I'll be honest. I'm a licensed Dynamic Emotional Integration Trainer and Consultant, and grief scared me. My grief scared me. It scared me so much I locked it up inside, and marveled at people who could just cry - like that! - when they felt like it. But the thought of letting it out was scary too. My grief out in the world? Who could hold that for me? What if it never stopped? What if it was too big?
I went to a grief ritual because my grief scared me. I figured, if my grief scared me, then grief probably scared other people too, and I wanted to find my way through.
I know that all emotions contain information, and once we receive the information, the emotions recede. Even though it scared me, I was going to a place where it was safe to listen to my grief.
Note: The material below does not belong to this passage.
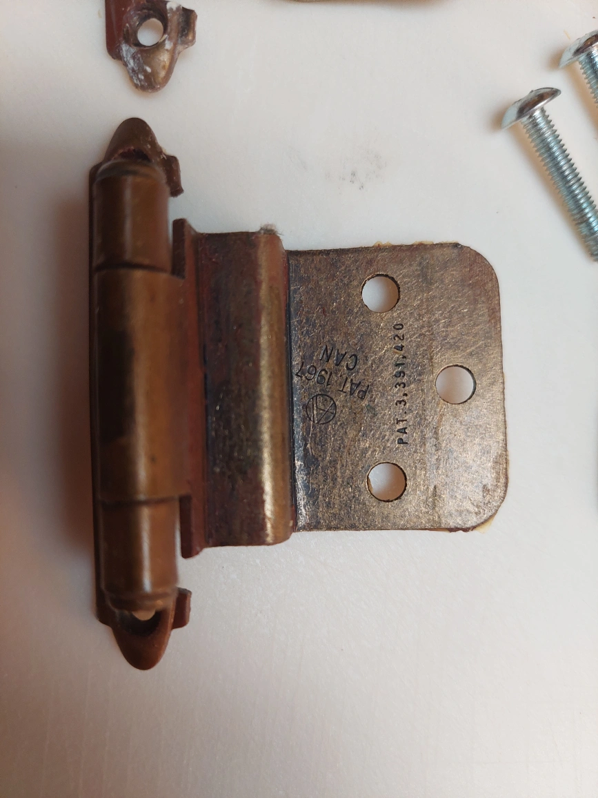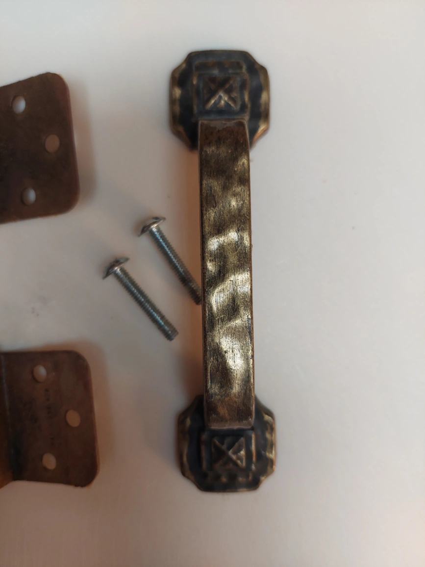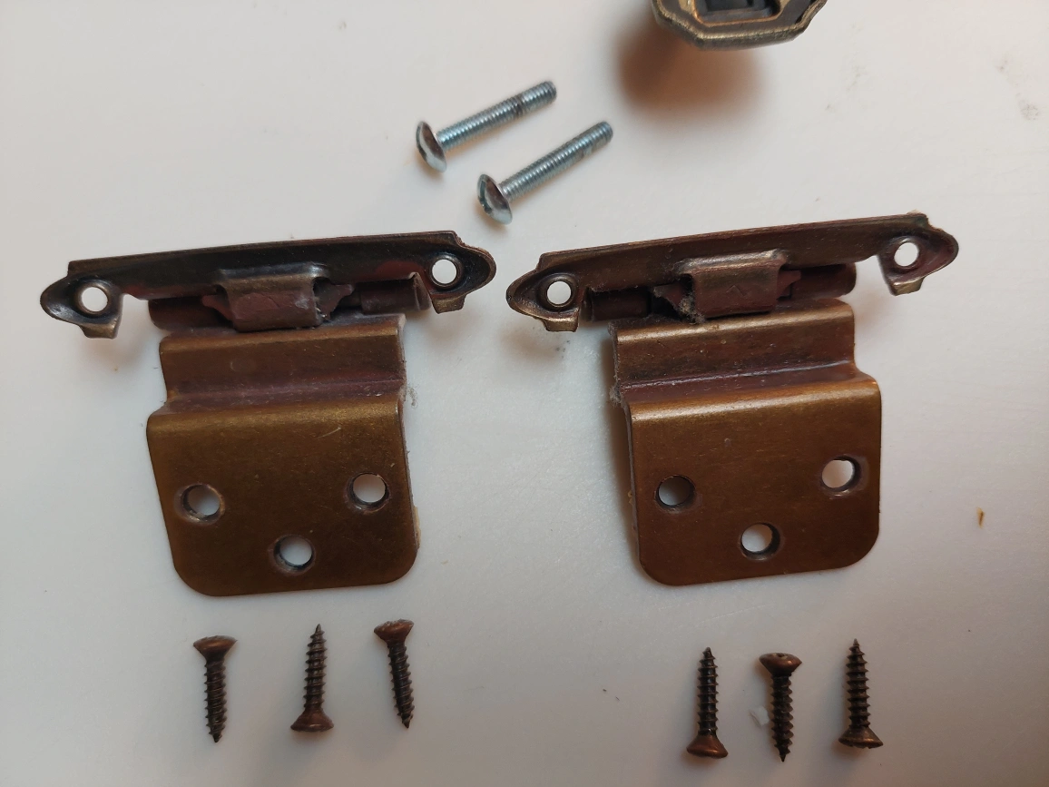 Set of 2 cabinet door hinges and one cabinet door pull. All items are in good condition, with normal wear from use. Includes screws. Currently, approximately 25 sets are available. $5.00 per set.

Throughout the morning, we sang songs and shared bits about ourselves and our grief. Many people were grieving loved ones, either passed on or irrevocably changed, but people were also grieving cats, trees, water, wildlife, and lost chances. The scope and breadth of the grief felt vast.
After lunch we decorated the grief altar. It was robed in blue, with pictures and mementos of the cause of our grief crowded onto every space and corner, even hanging off the sides and pinned to the front. We spread out rugs, mats, and pillows in front.
The grief ritual was becoming more real, and I could feel my grief rising within me.
When the ritual started, we formed a village, standing just outside of the shrine, and sang a song we'd learned together. We sang this song as people left the village, and stepped into the shrine to grieve. We sang this song as people wailed and shook and keened, and then we kept singing as we welcomed them back to the village.
When I stepped forward to grieve, (rather, when grief moved me to my knees) I lost a sense of time passing and only experienced the now of full-body emotion ripping out of me. I had watched others do this, and I knew the village could hold my grief, as it had held that of the others. I trusted this village we'd created in one morning, and I understood that people are far more resilient than they think.
At the end of the day, I'd stood and sung and grieved for two hours, and rather than the pregnant feel of the morning, or feeling exhausted and wrung out, I felt washed clean. I had by no means accessed all of my grief, but I don't know that you can ever release it completely.
Since this ritual, some things have shifted for me. I understand grief as a normal process that our bodies inherently know how to do, and that it's a beautiful thing.
I learned that we are all linked by sorrow, that the vulnerability of grief creates community and shared human experience, and that the human body knows how to grieve, if you let it. I learned too that there is a grateful joy at having known the person/place/thing you are grieving.